I have always thought this word was terribly abused, but didn’t really understand why until after the first time a known psychopath uttered it to me.
Most people associate respect with feelings for their parents. This makes sense as our childhood is peppered with variants of ‘respect your elders.’ Through childhood emotional associations, the word gathers a new emotional sum in the metamind. Logic can be overwhelmed with mandatory emotional recall of love and wisdom. In the worst case respect can wrongly come to mean an act of the conscience itself.
In adulthood the word is not used that way. It is used to establish rank. A deviation among empathic humans, but not a catastrophic one. To civilization, respect means variants of rank and division of labor and importantly the associated responsibility. Respect is used to honor those who commit themselves to others.
Psychopaths can form alliances, but can’t commit to others in a selfless way. Yet they love the word respect. They love it’s logical connotation of rank and it’s emotional value of love and wisdom in empaths. To them it defines a master-slave relationship, and is a tool for enforcing it. When a psychopath tells you to respect him or her, they are telling you your rank. They are identifying you as their slave. To them phrases ‘show some respect’, and ‘how dare you do that to me!’ are variations of the same theme, blind obedience to your master. Their position is master, of you.

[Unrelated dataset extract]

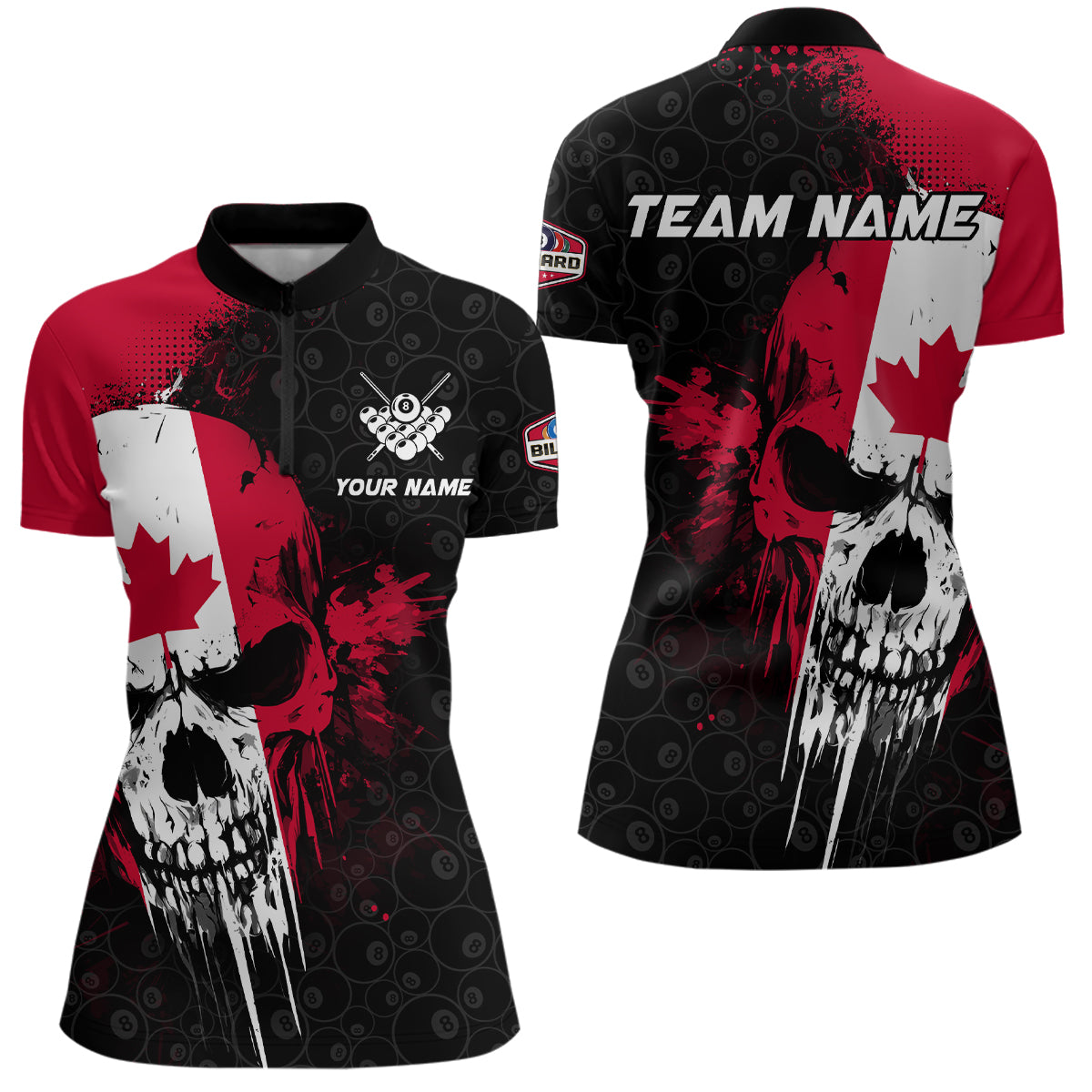 Canada Flag Grunge Skull 8 Ball Pattern Billiard Shirts For Women Custom Patriotic Billiard Jerseys TDM3207
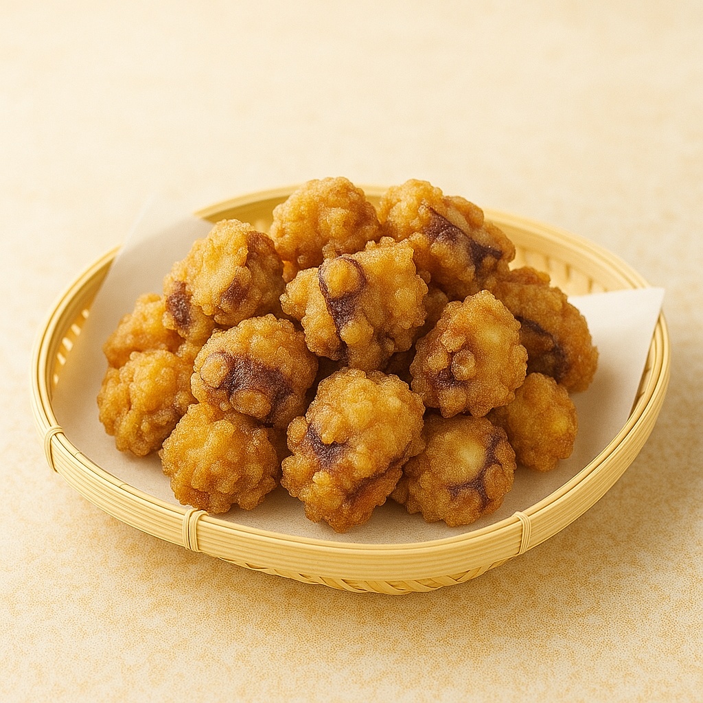 新鮮なタコを香ばしく揚げた、旨味たっぷりの唐揚げです。プリッとした弾力とジューシーな味わいが楽しめ、噛むほどに広がる海の風味がクセになります。おつまみやおかずにもぴったりな人気の一品です。

Parents I know it is easy to fall back to order and rank and use the word respect with your children, but you are conditioning them to enslavement by clever psychopaths. You are programing their conscience to be used against them. Instead of emphasizing your command and control I humbly propose using consideration or considerate in it’s place. Specifically associating accomplishment with how you treat other people. Creating a pathway to bettering themselves not just in isolation, but with the societies on which we all depend.